== RECORDS FOR THE TASK ==
##############################
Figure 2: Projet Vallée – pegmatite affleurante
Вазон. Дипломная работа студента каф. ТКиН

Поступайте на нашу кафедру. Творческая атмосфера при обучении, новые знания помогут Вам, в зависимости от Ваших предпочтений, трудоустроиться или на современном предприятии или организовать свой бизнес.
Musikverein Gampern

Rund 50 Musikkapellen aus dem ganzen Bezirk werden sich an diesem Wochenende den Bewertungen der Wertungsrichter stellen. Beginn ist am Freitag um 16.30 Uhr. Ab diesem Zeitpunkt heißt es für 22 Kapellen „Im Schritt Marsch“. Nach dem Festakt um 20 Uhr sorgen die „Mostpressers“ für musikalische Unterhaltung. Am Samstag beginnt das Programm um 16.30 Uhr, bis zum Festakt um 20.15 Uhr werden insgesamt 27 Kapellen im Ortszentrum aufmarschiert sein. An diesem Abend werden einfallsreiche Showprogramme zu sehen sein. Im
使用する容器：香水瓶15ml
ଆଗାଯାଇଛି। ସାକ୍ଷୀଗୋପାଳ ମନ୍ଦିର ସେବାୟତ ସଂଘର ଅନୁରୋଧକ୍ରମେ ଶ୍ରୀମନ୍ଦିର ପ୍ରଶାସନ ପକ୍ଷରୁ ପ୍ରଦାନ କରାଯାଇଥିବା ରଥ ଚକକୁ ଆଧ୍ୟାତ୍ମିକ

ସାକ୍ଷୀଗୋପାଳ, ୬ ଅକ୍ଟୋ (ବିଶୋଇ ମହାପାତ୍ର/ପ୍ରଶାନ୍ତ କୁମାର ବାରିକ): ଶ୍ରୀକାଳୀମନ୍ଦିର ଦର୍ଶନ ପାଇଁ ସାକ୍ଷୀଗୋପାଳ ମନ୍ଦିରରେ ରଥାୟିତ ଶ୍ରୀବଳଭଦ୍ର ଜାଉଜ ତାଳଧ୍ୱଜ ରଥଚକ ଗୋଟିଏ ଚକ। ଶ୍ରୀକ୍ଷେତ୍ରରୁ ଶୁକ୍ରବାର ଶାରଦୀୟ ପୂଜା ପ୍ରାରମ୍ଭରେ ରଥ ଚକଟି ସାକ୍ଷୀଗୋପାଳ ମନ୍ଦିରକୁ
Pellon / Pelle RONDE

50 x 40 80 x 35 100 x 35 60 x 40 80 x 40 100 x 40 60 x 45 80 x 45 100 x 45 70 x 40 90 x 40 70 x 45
##############################
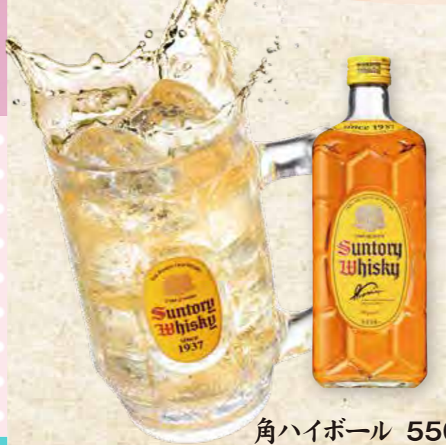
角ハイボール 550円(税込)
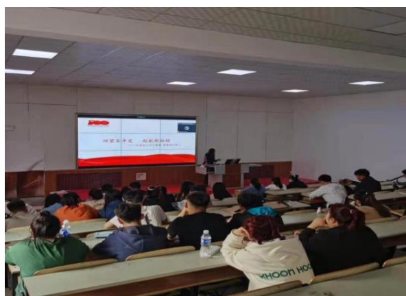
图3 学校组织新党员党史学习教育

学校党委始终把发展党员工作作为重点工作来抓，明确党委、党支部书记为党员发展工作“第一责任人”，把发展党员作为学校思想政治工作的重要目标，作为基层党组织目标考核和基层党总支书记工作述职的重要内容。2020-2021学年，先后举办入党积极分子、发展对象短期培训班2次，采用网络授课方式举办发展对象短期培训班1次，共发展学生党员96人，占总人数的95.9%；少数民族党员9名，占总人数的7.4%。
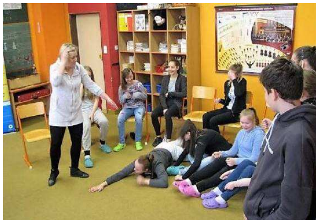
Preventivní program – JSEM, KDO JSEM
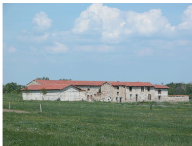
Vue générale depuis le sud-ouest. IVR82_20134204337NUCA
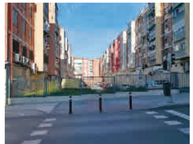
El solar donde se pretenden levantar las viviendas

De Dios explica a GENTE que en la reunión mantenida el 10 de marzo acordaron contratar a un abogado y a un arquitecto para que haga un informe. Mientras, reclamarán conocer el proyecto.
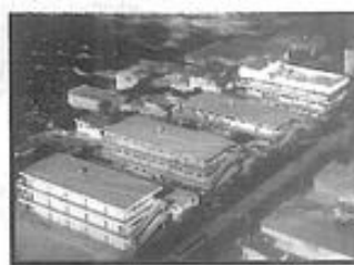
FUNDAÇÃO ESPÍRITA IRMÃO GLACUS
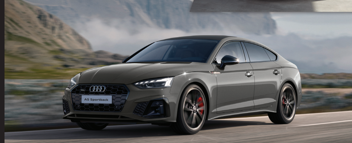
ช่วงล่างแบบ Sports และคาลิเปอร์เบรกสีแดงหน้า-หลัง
##############################
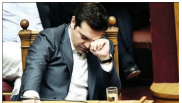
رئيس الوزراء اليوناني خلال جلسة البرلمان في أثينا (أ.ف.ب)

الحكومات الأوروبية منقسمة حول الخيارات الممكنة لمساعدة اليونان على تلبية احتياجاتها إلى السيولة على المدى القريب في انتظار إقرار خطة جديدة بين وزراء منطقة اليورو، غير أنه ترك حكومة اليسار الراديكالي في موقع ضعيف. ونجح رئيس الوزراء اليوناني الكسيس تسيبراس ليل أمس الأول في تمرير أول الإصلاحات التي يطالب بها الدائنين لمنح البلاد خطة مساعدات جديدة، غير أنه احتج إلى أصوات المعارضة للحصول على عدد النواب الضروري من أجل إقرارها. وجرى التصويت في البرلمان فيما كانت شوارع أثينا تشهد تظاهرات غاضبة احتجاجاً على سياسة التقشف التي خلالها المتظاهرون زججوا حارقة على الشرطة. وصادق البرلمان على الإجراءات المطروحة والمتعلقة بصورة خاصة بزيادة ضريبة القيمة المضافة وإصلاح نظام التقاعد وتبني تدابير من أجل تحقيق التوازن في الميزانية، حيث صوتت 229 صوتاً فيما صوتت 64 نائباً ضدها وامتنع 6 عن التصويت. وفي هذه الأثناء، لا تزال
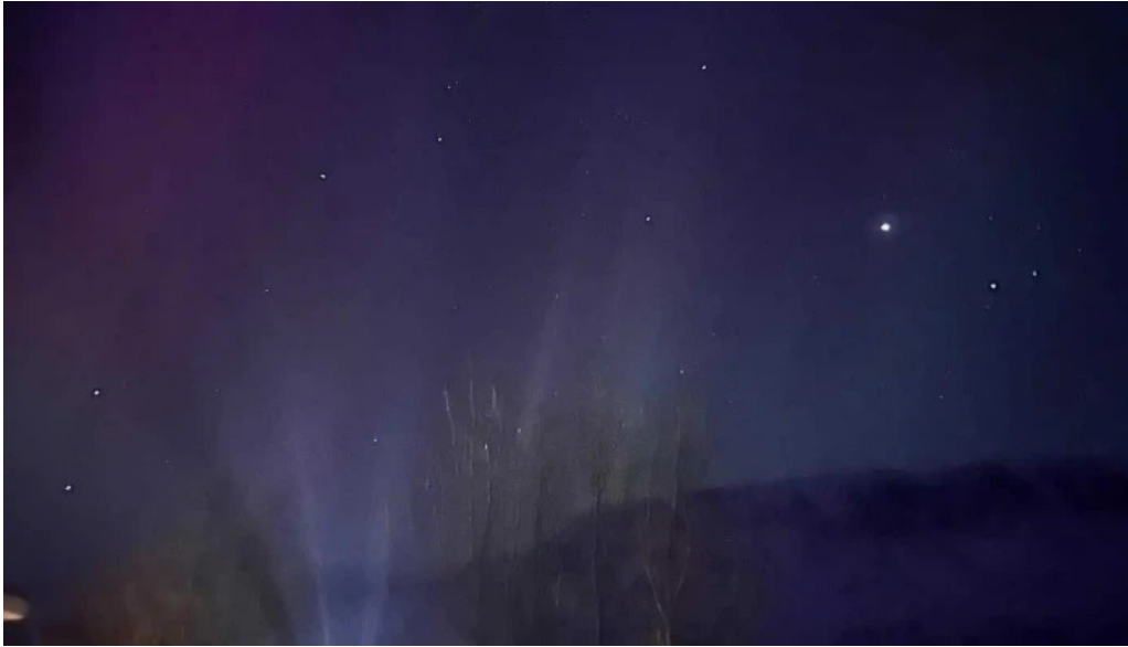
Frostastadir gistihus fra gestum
##############################
== EXERCISE PROMPT ==
Transcribe the lines above exactly, beginning at the one with "FUNDAÇÃO ESPÍRITA IRMÃO GLACUS" and ending at the one with "ช่วงล่างแบบ Sports และคาลิเปอร์เบรกสีแดงหน้า-หลัง". Include both; exclude the pictures.

== THE ANSWER ==
FUNDAÇÃO ESPÍRITA IRMÃO GLACUS
ช่วงล่างแบบ Sports และคาลิเปอร์เบรกสีแดงหน้า-หลัง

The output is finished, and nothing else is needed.